After finding the line with "Дозатор для жидкого", restate it and each remaining line of the material word for word, omitting every picture.
====
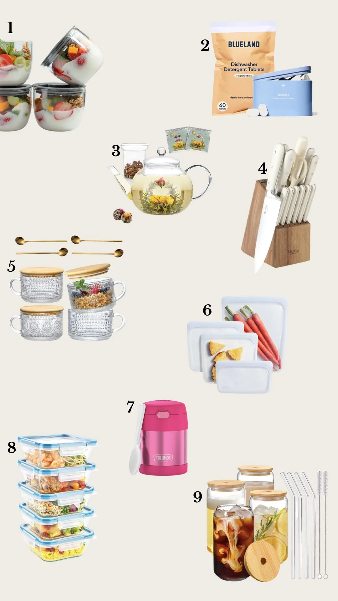1: S’well Prep Food Glass Bowls – Set of 4 2: Blueland Dishwasher Tablets 3: Glass Tea Pot 4: Martha Stewart Stainless Steel Knife Set 5: Glass Mugs w/ Bamboo Lid 6: Stasher Reusable Silicone Storage Bags 4-pack 7: Kids Thermos 8: Glass Food Storage Contain 5 Piece 9: Glass Tumblers w/ Bamboo Lid
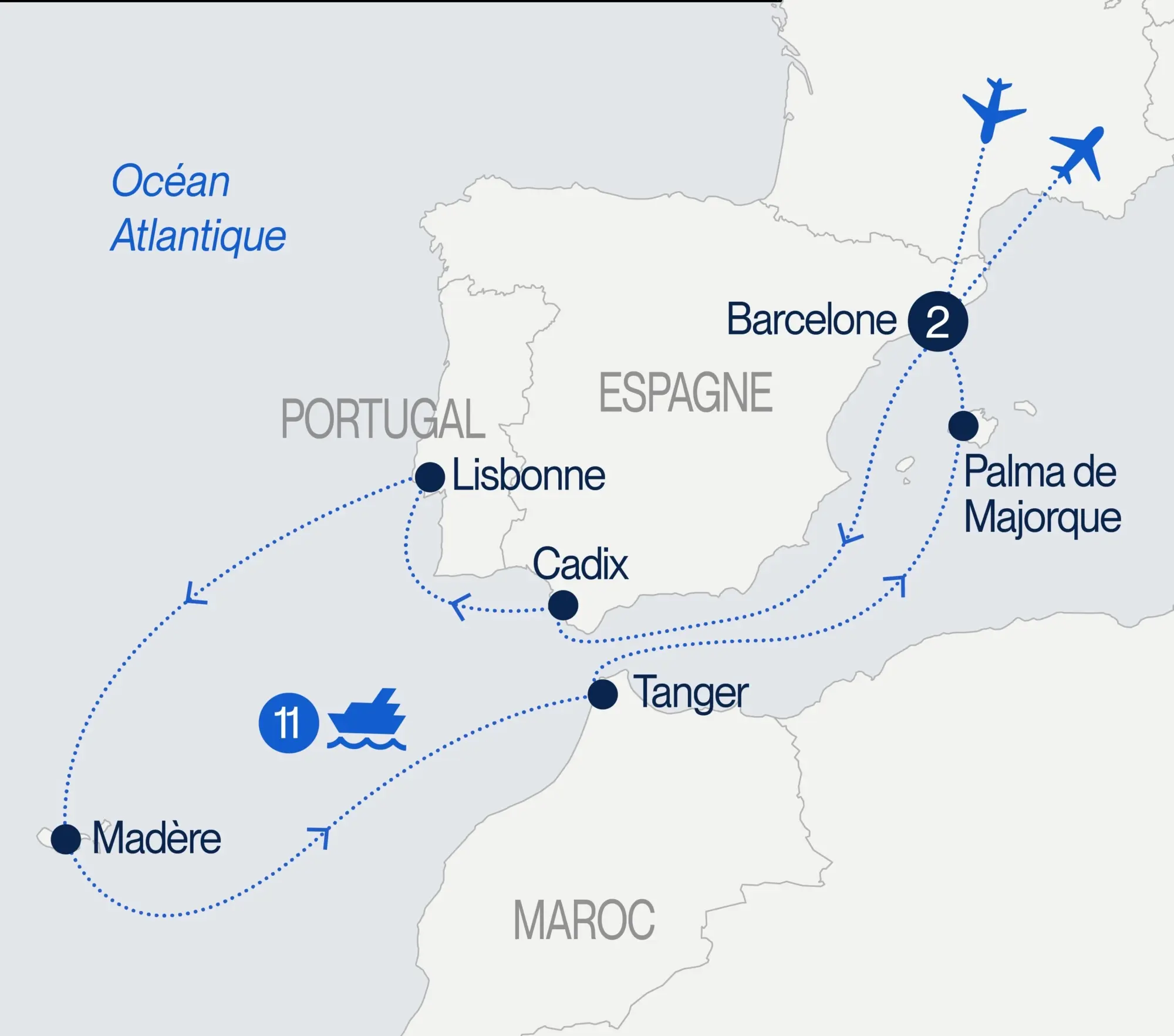 Embarquez à bord du tout nouveau Celebrity Xcel, véritable bijou de modernité et d’élégance, pour une croisière d’exception au coeur de la Méditerranée et de l’Atlantique. De la vibrante Barcelone aux charmes ensoleillés de Madère, en passant par les trésors culturels de Lisbonne et de Séville, chaque escale vous envoûtera. Un voyage raffiné alliant découvertes, détente et le luxe incomparable du dernier-né de la flotte Celebrity Cruises.
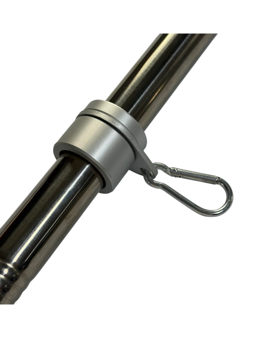 Catargul este dotat cu două inele reglabile din aluminiu, care permit ajustarea înălțimii în funcție de dimensiunea steagului și previn înfășurarea acestuia pe vreme cu vânt. În plus, cele două carabiniere asigură o prindere rapidă și sunt ușor de utilizat.
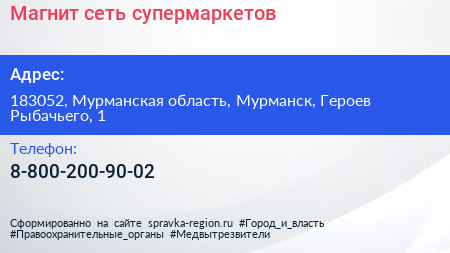 Магнит, сеть супермаркетов по адресу 183052, Мурманская область, Мурманск, Героев Рыбачьего, 1 в дальнейшем Организация, размещена в следующих категориях:
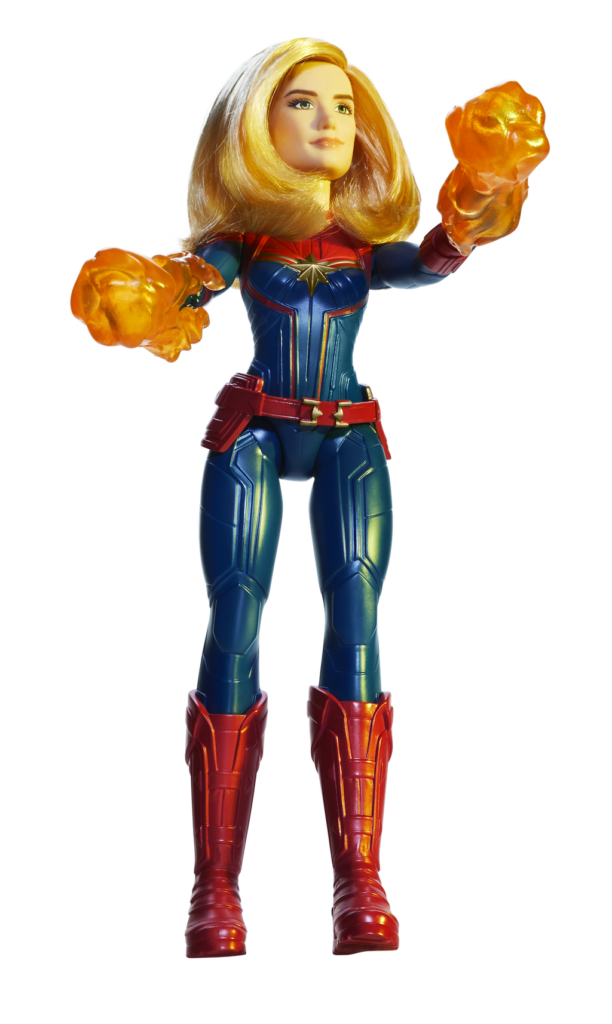 This 11.5-inch scale, electronic Photon Power FX Captain Marvel Electronic Doll, features superpower-inspired lights, sounds, accessories, and rooted hair. The doll is inspired by the upcoming Captain Marvel movie, is poseable, and features 11 points of articulation allowing kids to put their doll in dynamic poses and move her into action! Includes doll, belt, boots, and instructions. Each sold separately. Requires 1 AAA battery, included. Available at most major retailers.
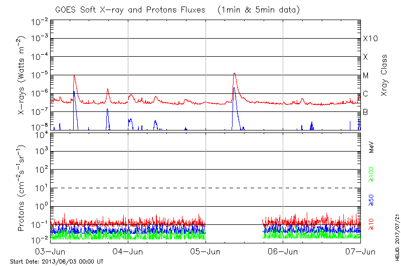 This page provides light-curves generated from GOES soft X-ray and Particle data for the date indicated at the top and the preceding three days.
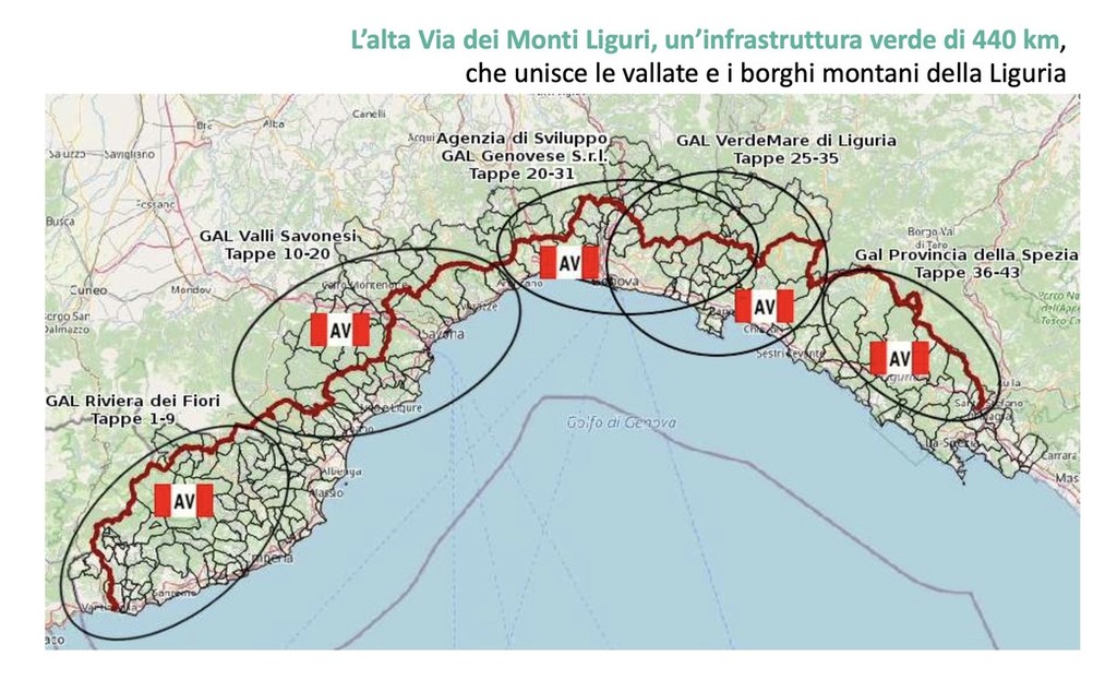 In Liguria esiste un sentiero di crinale che attraversa tutta la regione, dall’estremo ponente all’estremo levante. Che è pieno di fascino e di attrattività e che va sempre più promosso e rilanciato, a livello turistico ed escursionistico. Ma tutto questo non basta, se l’Alta Via dei Monti Liguri non viene messa in relazione con tutta la fitta rete di collegamenti sottostanti e con tutta la fitta presenza di borghi e di paesi dell’entroterra: solo e soltanto così, con un recupero e una valorizzazione completi, l’Alta Via può fungere da traino, ed è proprio in questa direzione che va il progetto ‘AV 2020 - L’Alta Via dei Monti Liguri da sentiero di crinale a rete di persone’, un ambizioso percorso di cooperazione che vede coinvolti i cinque Gal della nostra regione, vale a dire i cinque gruppi di autonomia locale.
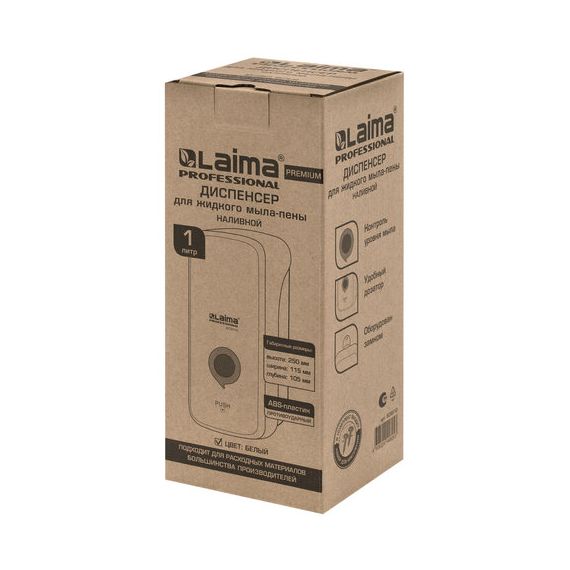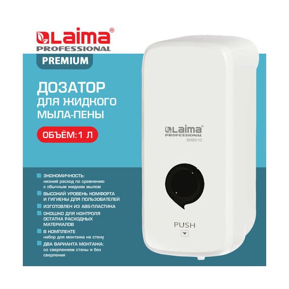 Дозатор для жидкого мыла-пены LAIMA PROFESSIONAL PREMIUM, НАЛИВНОЙ, 1 л, белый, ABS-пластик, 609510
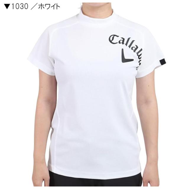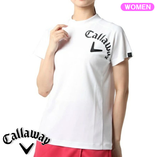 キャロウェイゴルフ レディース ロゴプリントクローズドメッシュカノコ 半袖モックネックシャツ C22134250
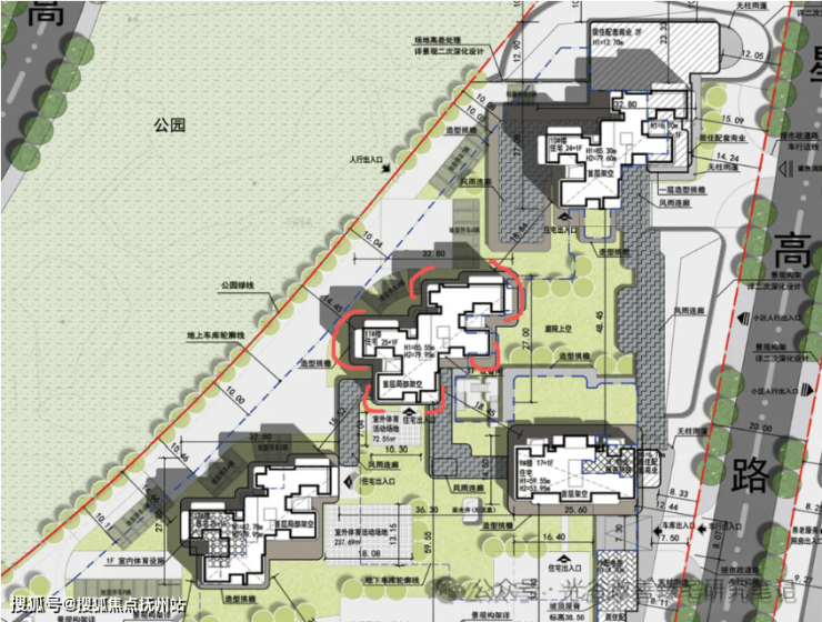 由于地块西侧为市政公园,为了让每家每户都能拥有更多的观景面,万科做了一次大胆的尝试,靠近公园西侧的楼栋没有做成正南正北的板式住宅,而是做成了错位的蝶形建筑。
====
FINISHED TASK:
 Дозатор для жидкого мыла-пены LAIMA PROFESSIONAL PREMIUM, НАЛИВНОЙ, 1 л, белый, ABS-пластик, 609510
 キャロウェイゴルフ レディース ロゴプリントクローズドメッシュカノコ 半袖モックネックシャツ C22134250
 由于地块西侧为市政公园,为了让每家每户都能拥有更多的观景面,万科做了一次大胆的尝试,靠近公园西侧的楼栋没有做成正南正北的板式住宅,而是做成了错位的蝶形建筑。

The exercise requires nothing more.